Aber auch schon früher war ich immer wieder über dieses besondere Verhältnis zwischen Russen und Deutschen gestolpert, das bei misstrauischen westlichen Freunden Deutschlands unter dem stenografischen Begriff »Rapallo« läuft. Dahinter verbirgt sich keine Schweizer Kräuterbrause, sondern ein Ort in Italien, an dem Deutsche und Russen, die Verlierer des Ersten Weltkrieges, sich 1922 über alle politisch-ideologischen Gegensätze hinweg auf eine enge Zusammenarbeit verständigten.

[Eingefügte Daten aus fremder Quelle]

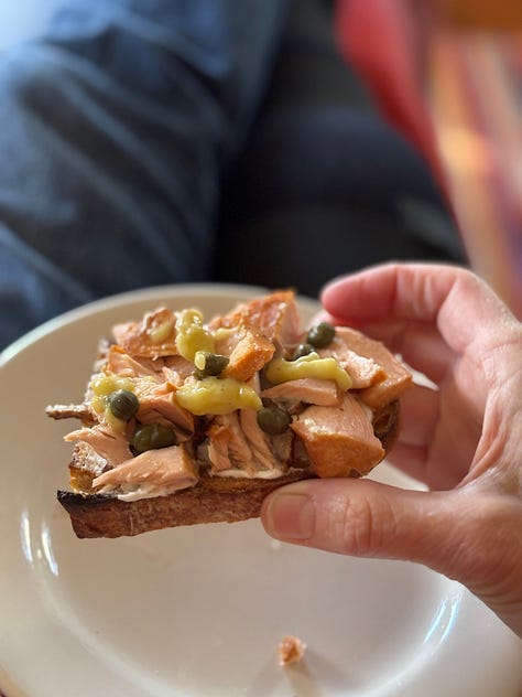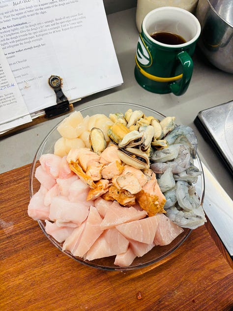 I took some a lot of liberties with the fish pie but that recipe is surprisingly forgiving for all its ingredients and steps. Added mussels, added swordfish, smoked the salmon, didn’t use the trout, didn’t have chives, probably had less fish than they called for, poached the fin fish in the milk before thickening it, didn’t use the fennel, didn’t use the dill - but it was so very good and made so very much anyway that we ate for a few days and we were happy about that.1
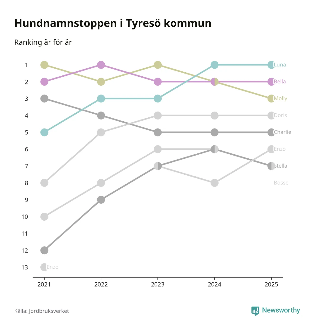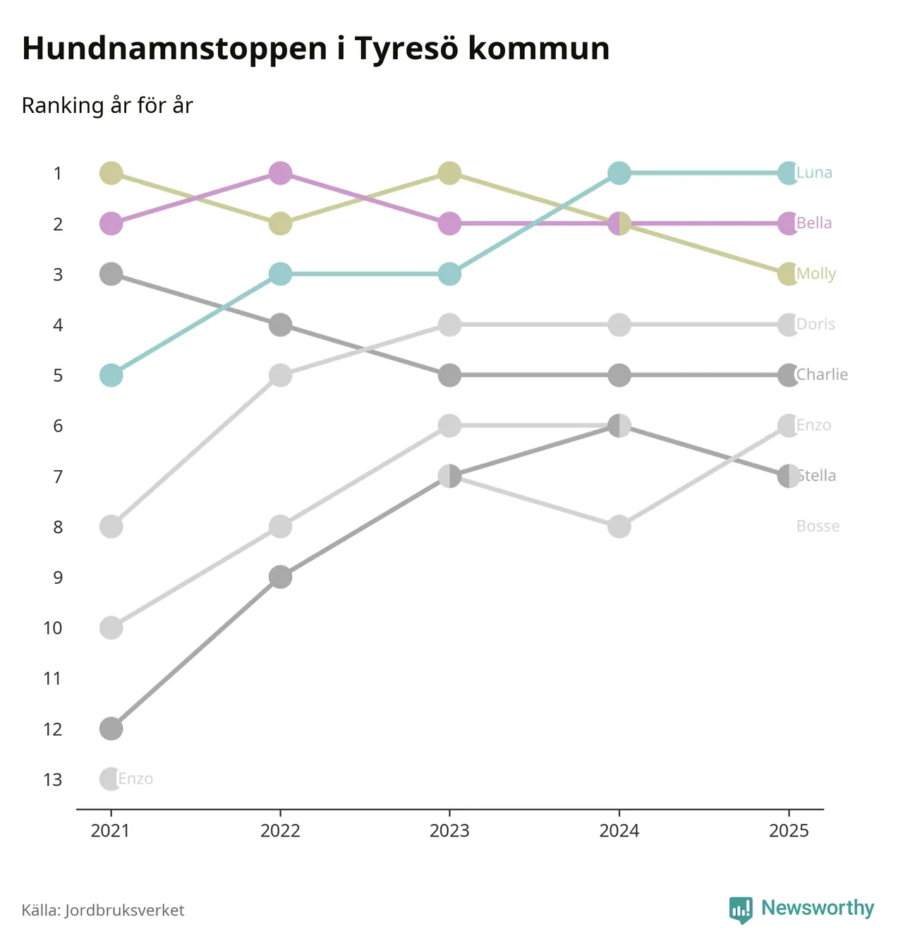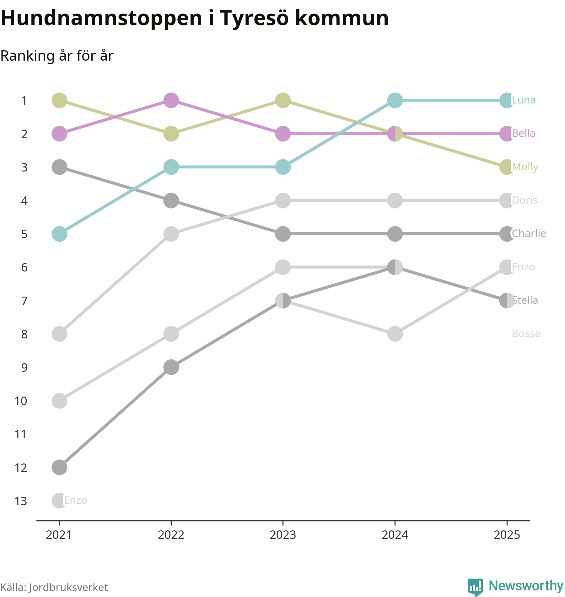 Molly är fortsatt ohotad etta bland hundnamnen i Sverige, följt av Bella och Charlie. Så har det sett ut flera år i rad, men bland Tyresöhundarna är Luna populärast. Tyresö är en av elva kommuner i landet där Luna är vanligast, eller på delad förstaplats.
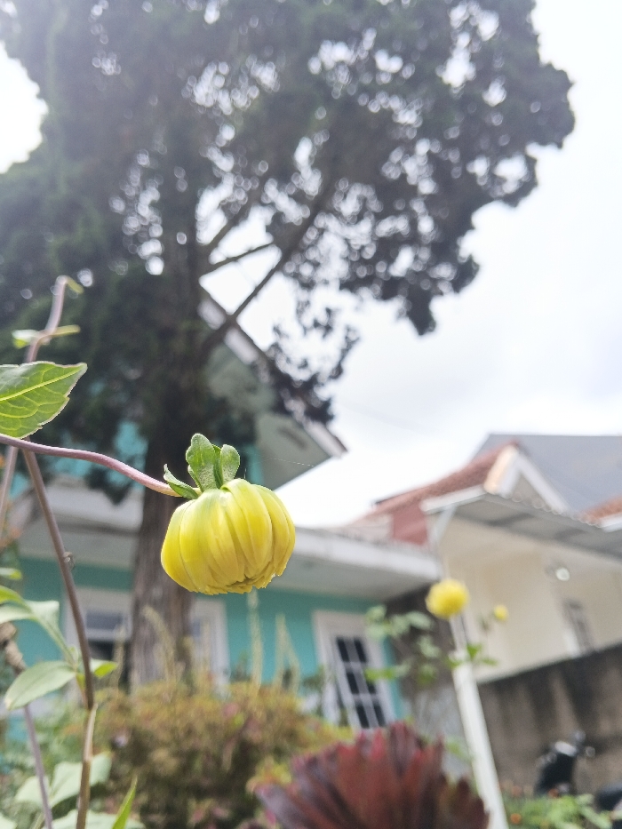 A yellow flower bud hangs on a thin stem in the foreground. Behind it, a blurred evergreen tree dominates the shot. In the background, parts of houses with white walls and brown roofs are visible. The sky is overcast. Other plants with green and red foliage are scattered in the immediate foreground. The flower bud has tightly packed petals.

Wenn sich ein Bundeskanzler Adoptionskinder in Russland besorgt, und wenn sich seine Nachfolgerin auf Russisch mit ihrem Amtskollegen im Kreml unterhalten kann, dann lebt darin dieser Geist von Rapallo fort. Ich selbst fand ihn einmal auf dem Flughafen von Baku, der Hauptstadt der zu diesem Zeitpunkt schon unabhängigen Republik Aserbaidschan. Ich war auf dem Rückflug nach Istanbul, hatte meine Tasche zwecks Zollkontrolle in die Röntgenröhre geschoben und war mit Pass, Ticket und Zolldeklaration vor eine wasserstoffsuperoxidblonde ältere Dame in grüner Uniform getreten.

»Ah, Sie sind Deutscher«, stellte die Grenzbeamtin nach einem Blick auf meinen Pass erfreut fest. Sie war Russin, wie sich schnell herausstellte, verheiratet mit einem Aserbaidschaner, und nach der Unabhängigkeit (des Landes, nicht ihrer persönlichen) in Baku hängen geblieben.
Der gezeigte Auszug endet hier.